朱家宅高地后侧,炮兵阵地。

    张猛一把扯下头上用来伪装的破麻袋,露出被汗水和泥土糊住的脸。他死死抓着电话听筒,当听到“屠场”那两个字时,他全身的血液都烧了起来。

    “是!师长!”

    他放下电话,那双布满血丝的眼睛里,是压抑到极点的疯狂。
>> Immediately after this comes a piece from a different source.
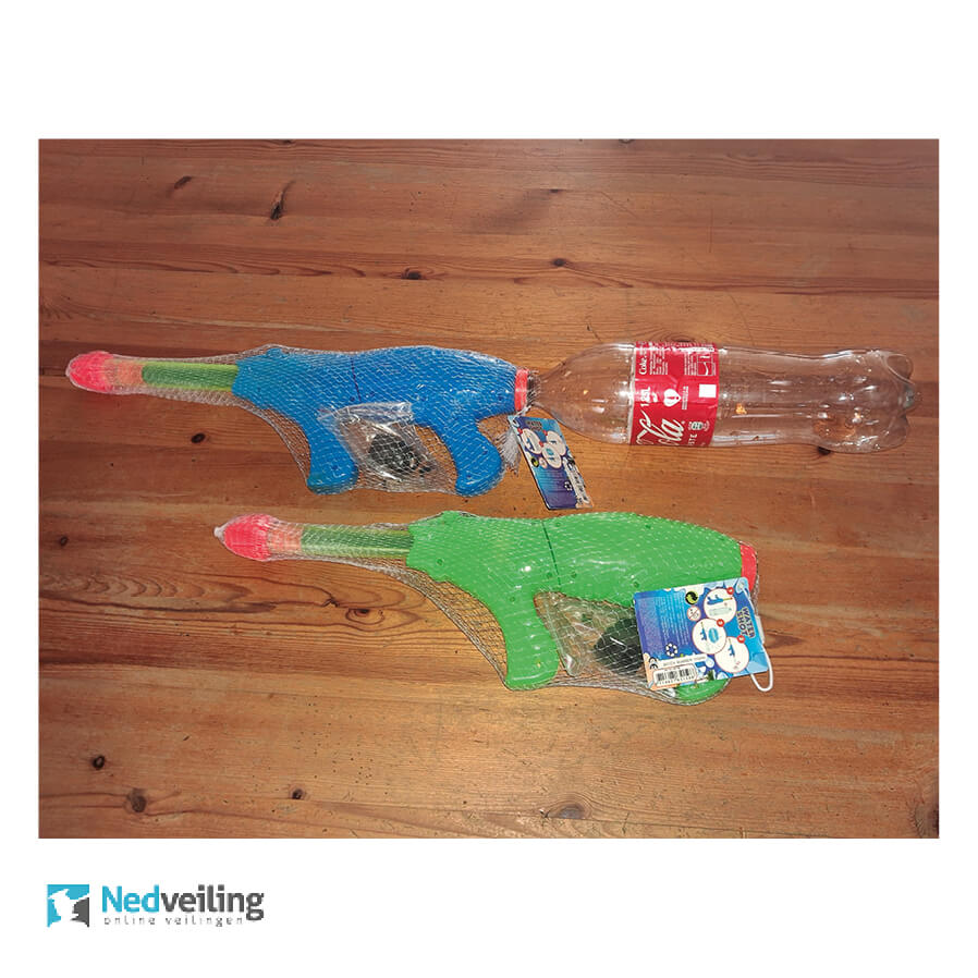 2 ex. Groot waterpistool 39 cm met pet fles als reservoir (doos Q)Breng een bieding uit

他转过身,对着那些同样从泥洞里爬出来,浑身狼狈却眼神灼热的炮兵们,用尽全身力气,发出一声惊天动地的咆哮!

    “全团!目标‘屠场’区域!急速射!”

    “开炮!!!”

    轰!轰!轰!轰!

    八门德制105毫米榴弹炮,加上师属炮兵团剩余的几十门75毫米步兵炮和81毫米迫击炮,在这一瞬间,同时发出了怒吼!

    那不是零散的炮击,而是一场钢铁风暴的齐鸣!

    大地在颤抖,不是因为日军的炮火,而是因为新一师自己的反击!

    ……

    罗店镇与朱家宅之间那片开阔地。

    黑岩义胜的部队,如同开闸的洪水,正嗷嗷叫着向前狂奔。

    耻辱、愤怒、被戏耍的憋屈,在这一刻都化为了嗜血的渴望。他们要追上那些狡猾的支那老鼠,用刺刀把他们一个个钉死在朱家宅高地下面!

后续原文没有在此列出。